A few months ago I got a last-minute call from the Canadian Tourism Commission to shoot one of the 2010 torchbearers in the Yukon. Australian sports superstar and double-medallist Alisa Camplin was coming to run through the streets of Dawson City. I read that Sports Illustrated once listed her as one of the world’s ten sexiest Olympians. Only after reading about the shocking physical challenges she’d faced – she’d broken this and broken that and re-tore ligaments just four months before Turin – did I remember seeing her on TV.

It was a dark morning in Dawson, and Alisa’s torch run was short with disappointing backdrops. That was one shoot I could have really used my new high ISO camera (Canon 1D Mark IV). She was being covered by a pack of media, but in those few minutes she was really gracious and worked hard to give us good shots. She seemed to appreciate the attention in a genuine way.

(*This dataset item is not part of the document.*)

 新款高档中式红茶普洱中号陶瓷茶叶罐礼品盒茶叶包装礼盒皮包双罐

Later, in the empty bar at the Downtown Hotel, I spent a couple of hours with Alisa and her boyfriend while they played pool and I was uploading files. They were really nice people, and I got to ask Alisa my questions about how she did it.

When she was about four years old she remembers deciding that some day she was going to win the Olympics, only she didn’t know yet which sport. She tried some typical Australian sports, and somehow ended up a skiing aerialist in a country with little snow.  She said she had lots of momentum to win the gold medal, but she had to work much harder and is way more proud of her bronze medal four years later. The physical and mental challenges sounded huge the second time around.

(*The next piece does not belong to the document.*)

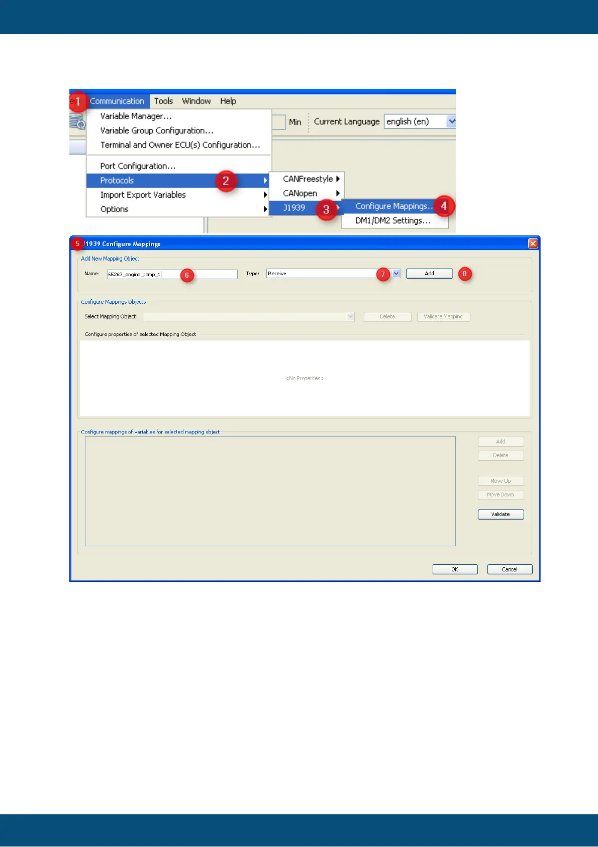 5. The "J1939 Configure Mappings" dialog will pop up.

In Dawson she talked about wanting a family, and that her new dream was to be a doctor of sports medicine. But she also seemed doubtful and thought it was probably too late, so instead maybe she’d become a nurse or physical therapist. It was amazing to hear these crazy stories of how hard she pushed herself as an athlete, and you’d think someone with her willpower and courage would have it all figured out. But like lots of us she’s also grappling with unfulfilled dreams and lack of confidence.

I really enjoyed meeting Alisa, and I appreciated her openness about her personal triumphs and challenges. I hope she finds success with her new dreams.